My absolute favorite thing to cook with is the 10″ Teflon coated frying pan I picked up at a discount store years ago. I believe it was a whopping $8.99. Not exactly state of the art, but budget friendly for a relatively new college grad. My pan and I have been together for about 12 years now. I’d confess it’s one of my longest lasting friendships, but that’s a sob story for another blog.
Back to my pan. A lot has happened to it since our first meeting. His shiny silver bottom is now brown and dingy. The Teflon is decorated with burner ring marks and a few shallow scratches. The handle wiggles a bit, but shows no signs of letting go just yet. All of these imperfections make me love it all the more. They are battle scars of our time together. At our best, we were a sizzling success.
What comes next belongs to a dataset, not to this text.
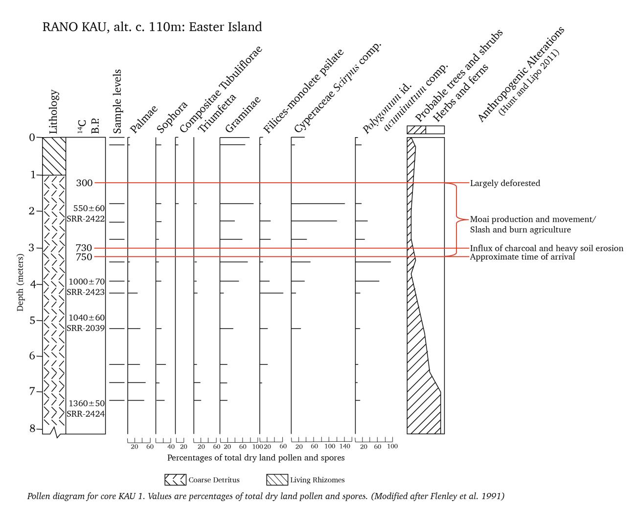 Flenley, J. R., 1993. The Paleoecology of Easter Island and its Ecological Disaster. In: S.R. Fischer, ed., 1993. Easter Island studies: contributions to the history of Rapanui in memory of William T. Mulloy. Oxford: The Short Run Press, pp.27-45.

At our worst, charred remains of our good intentions were on an express flight to the Hefty bag.
To be honest, my pan isn’t the only thing to have changed in the past decade. My bottom isn’t what it used to be either. My brown hair is now streaked with silver. I have shallow (okay deep) scratches in what used to be the nice flat surface of my face. This is where the pan envy comes in to the equation. All of these marks of time do little to add to my appeal. I don’t look at these scuffs with the same warmth as the blemishes on my pan. Why is that? Why do I feel I have to look brand new after 12 years? My pan is getting hotter and hotter. Me, not so much.
Is it possible I could take a lesson from kitchen gear? Ah, to be able to look at my life’s markings as a sign of a adventure and accomplishment. Wouldn’t it be great to be able to revel in the stories behind the stains and the scars instead throwing money and effort into covering them up? Restoring my pan is completely out of the question. It wouldn’t be special to me anymore. It would just look like every other pan hanging on the hook at Target. Who wants that?













So true. We might all be a bit happier if we could muster the strength to accept our physical selves. Too bad the world at large tends to judge on appearance.
It almost becomes a “which comes first, the chicken or the egg” scenerio in my mind. Does our own judgment of ourselves on appearance give the world permission to do the same? Or, does the message of the masses cause us to look at ourselves in a less favorable light? Part of me believes the message of the masses can only impact the ones who have invited/allowed the criticism to sink in.
It really is strange how happy we are with scrappy inanimate objects, yet how perfect we expect humans to be. We like greasy spoon restaurants, old sweatshirts worn thin and porch swings that squeak when you rock. All show character and history. The same qualities in a person aren’t embraced at all. Not that I’m implying I’d want greasy to be acceptable.